Another lower priced winner is the Sennheiser E840. I use them exclusively for festival stage vocals and always get a good reaction from performers, even those that spec other, more expensive mics on their rider.


----------



## david henman (Feb 3, 2006)

ronmac said:


> Have a look at the Audix OM6. They are very smooth sounding and have the best feedback rejection of any mic I have tried on loud stages. The only downside is that you have to stay close to the mic as level drops off quickly if you move away.
> Another lower priced winner is the Sennheiser E840. I use them exclusively for festival stage vocals and always get a good reaction from performers, even those that spec other, more expensive mics on their rider.


...much appreciated!

i had an opportunity to buy audix mics direct when my former bassist worked for the canadian distributor - i regret not taking advantage of that now.

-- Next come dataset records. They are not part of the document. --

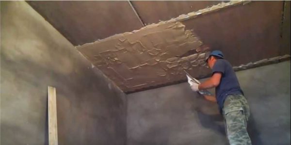 Нанесение и выравнивание штукатурки на потолке
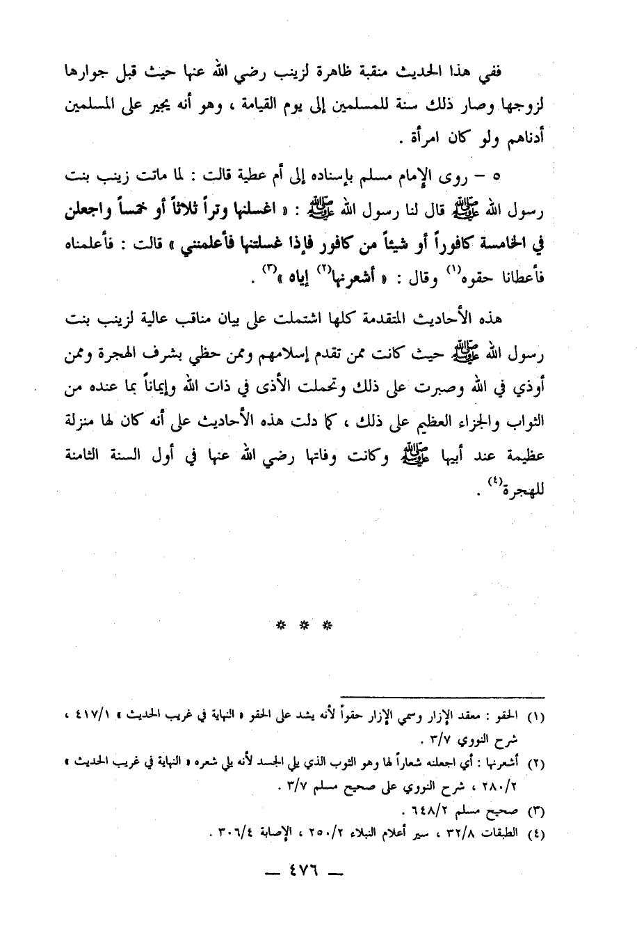 5- روى الإمام مسلم بإسناده إلى أم عطية قالت: لما ماتت زينب بنت رسول الله صلى الله عليه وسلم قال لنا رسول الله صلى الله عليه وسلم: "اغسلنها وتراً ثلاثاً أو خمساً واجعلن في الخامسة كافوراً أو شيئا من كافور فإذا غسلتنها فأعلمنني" قالت: فأعلمناه فأعطانا حقوه1 وقال: "أشعرنها 2 إياه" 3.
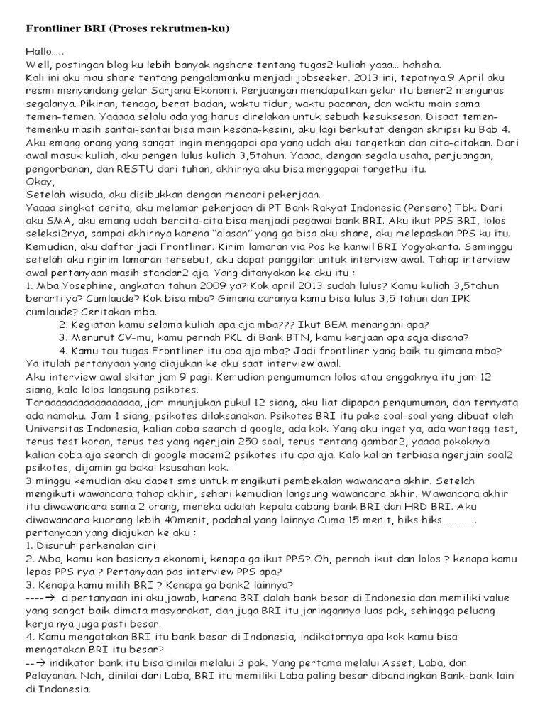 Penerimaan Tenaga Kerja Frontliner Pt Bank Rakyat Indonesia Persero Tbk Hingga 10 Mei 2019 Rekrutmen Lowongan Kerja Bulan Agustus 2020
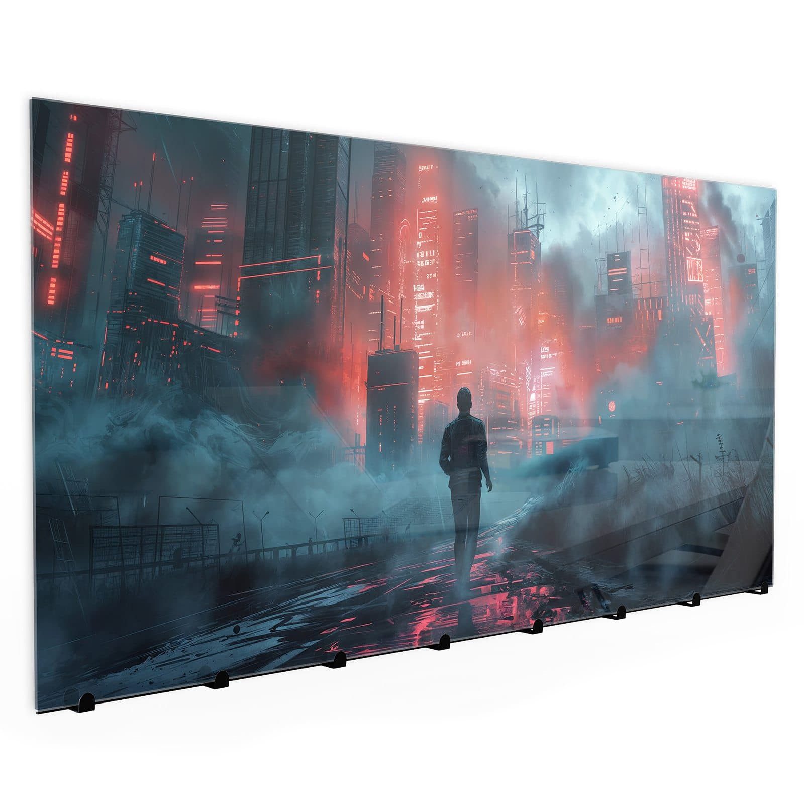 Primedeco Garderobenpaneel Kleiderhaken aus Glas Neonstadt (1 St., Inkl. Magnete, Stifte und Montagematerial), Magnetisch & Beschreibbar

i may be going to steve's music on sunday. i'll do a bit of research, and maybe pick up one or the other while i'm there.


----------



## ronmac (Sep 22, 2006)

...another favourite to try is the EV ND967. I also like the EV ND767. 

I keep 1 SM58 in my mic chest just to satisfy an artist that absolutely insists on using it, otherwise I use Senheiser and EV almost exclusively. I absolutely love the Audix mics, and used them exclusively for one season. Unfortunately, a lot of acts I work with have no clue how to listen to themselves and work the mic. Mixing the Audix mics with someone drifting in and out of their very limited (but lovely) sweet spot proved to be a nightmare.


----------



## Moosehead (Jan 6, 2011)

I love my audix om5 for my vocals; both live and for home recording. 
Used to use the om2, it was great for open mic gigs. and it was a bit more forgiving so you didnt have to be right on the mic.

Heard senhieser made great mics too, just never tried them.


----------



## Mooh (Mar 7, 2007)

I like ronmac's advice above. 

Sennheiser has been my go to mic for many years...um, let me look...e865. Not expensive, by my recollection.

Peace, Mooh.


----------



## Guitar101 (Jan 19, 2011)

I've been using my 58's for over 40 years now and will continue to do so. However, a drummer/friend of mine gave me back a microphone had I loaned him 25 years ago to mic one of his drums. I had forgotten about it until he mentioned it. Turns out it was a AKG D2000E. Not knowing if it worth keeping, I tested it against my Shure SM58's. It turns out the 58's have a built in bass (lows) compared to the AKG. The clarity of the AKG was amazing but the bass was missing. I could add it with the bass control knob but I soon realized why the 58's are still so popular after all these years. The lows that these mikes reproduce is still very popular to a majority of singers.


----------



## Lemmy Hangslong (May 11, 2006)

+1 on the Audix and the OM6 and the EV ND967 for mic's that dont "overdue" the mids... The EV Raven is another i would add to the list.

Cheers


----------



## Mooh (Mar 7, 2007)

Played a little community event up north in August where a very nice brand new Yorkville p.a. was supplied (with a great sound man) and Beyer mics, though I didn't get the model I was impressed. It was one of those situations wher I was just going to hand him my Sennheiser but he asked me if I'd try the Beyer first and he was right, very nice. I've since encountered other folks who dig Beyers.

Peace, Mooh.


----------



## ThePass (Aug 10, 2007)

This is what I use:

http://www.carvinguitars.com/products/single.php?product=M50&cid=34

Cheap, works well, sounds just as good as any other (don't blame the mic if you can't sing, lol) and comes with a 20' cable, to boot!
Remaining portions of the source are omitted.